DATA:
++++++++

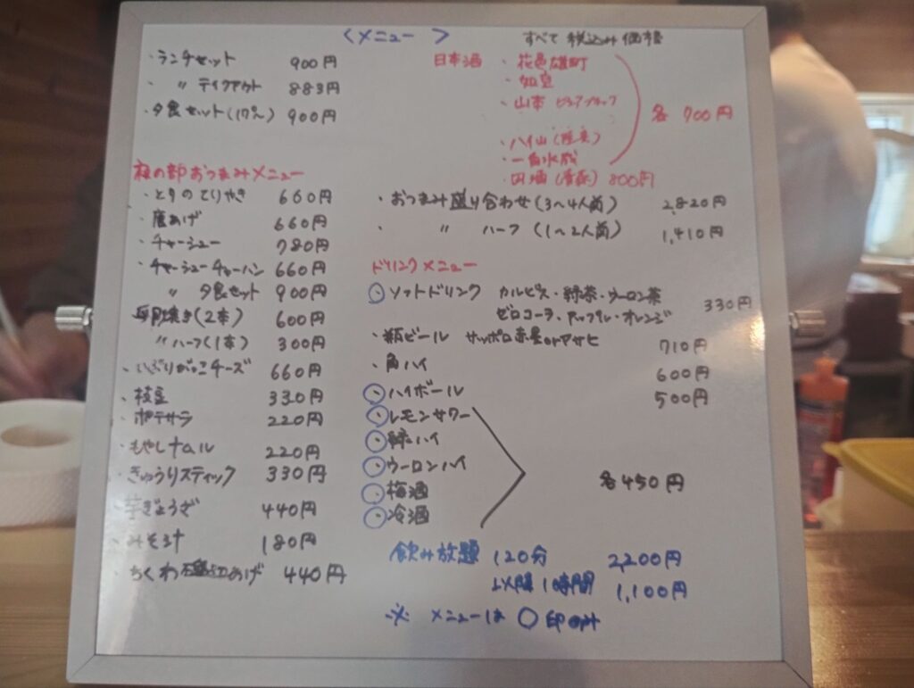 唐揚げは「外はカリッと、中はジューシー」をそのまま体現した仕上がりで、噛んだ瞬間に旨味が広がります。お酒のつまみにも良さそうだと感じていたら、実は夜営業がメインのお店とのこと。確かにお酒が進みそうな味付けで、納得の一品です。夜メニューにお酒が豊富に並んでいる理由もその場で理解できました。
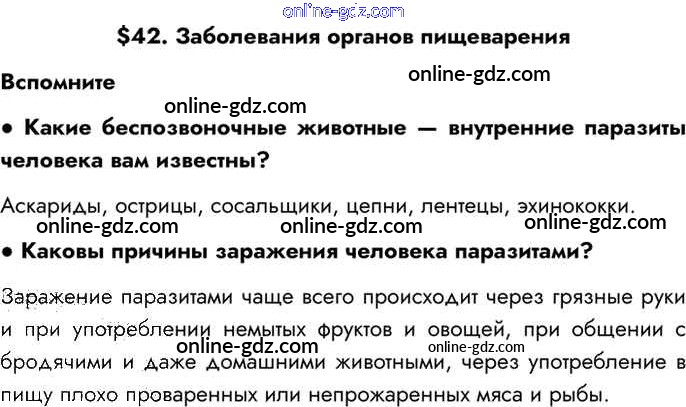 Готовые домашние задания по Биологии за 8 класс Учебник Драгомилов, Маш Алгоритм успеха 2022 - §§42. Заболевания органов пищеварения Глава 7. Пищеварительная система Вспомним
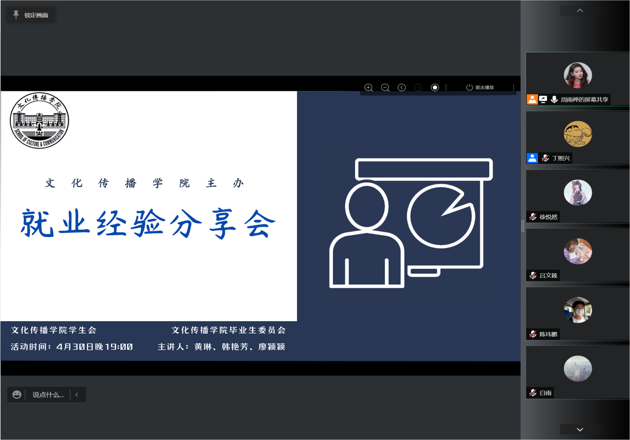 本站讯 4月30日晚,由pp电子游戏平台官网学生会、毕业生委员会联合主办的“就业经验分享会”第一期通过腾讯会议平台于线上开展。分享会面向学院全体学生。优秀学生代表2018级新闻专业韩艳芳,2018级汉语言文学专业廖颖颖、黄琳应邀担任会议主讲人,学院学生会综合事务部成员周雨桦担任主持人。

++++++++

AIM OF THE TASK: Nothing but the lines from the line containing "Готовые домашние задания" through the end of the data, both ends included, is to be reproduced, exactly as written and without the pictures.

WRITTEN ANSWER:
 Готовые домашние задания по Биологии за 8 класс Учебник Драгомилов, Маш Алгоритм успеха 2022 - §§42. Заболевания органов пищеварения Глава 7. Пищеварительная система Вспомним
 本站讯 4月30日晚,由pp电子游戏平台官网学生会、毕业生委员会联合主办的“就业经验分享会”第一期通过腾讯会议平台于线上开展。分享会面向学院全体学生。优秀学生代表2018级新闻专业韩艳芳,2018级汉语言文学专业廖颖颖、黄琳应邀担任会议主讲人,学院学生会综合事务部成员周雨桦担任主持人。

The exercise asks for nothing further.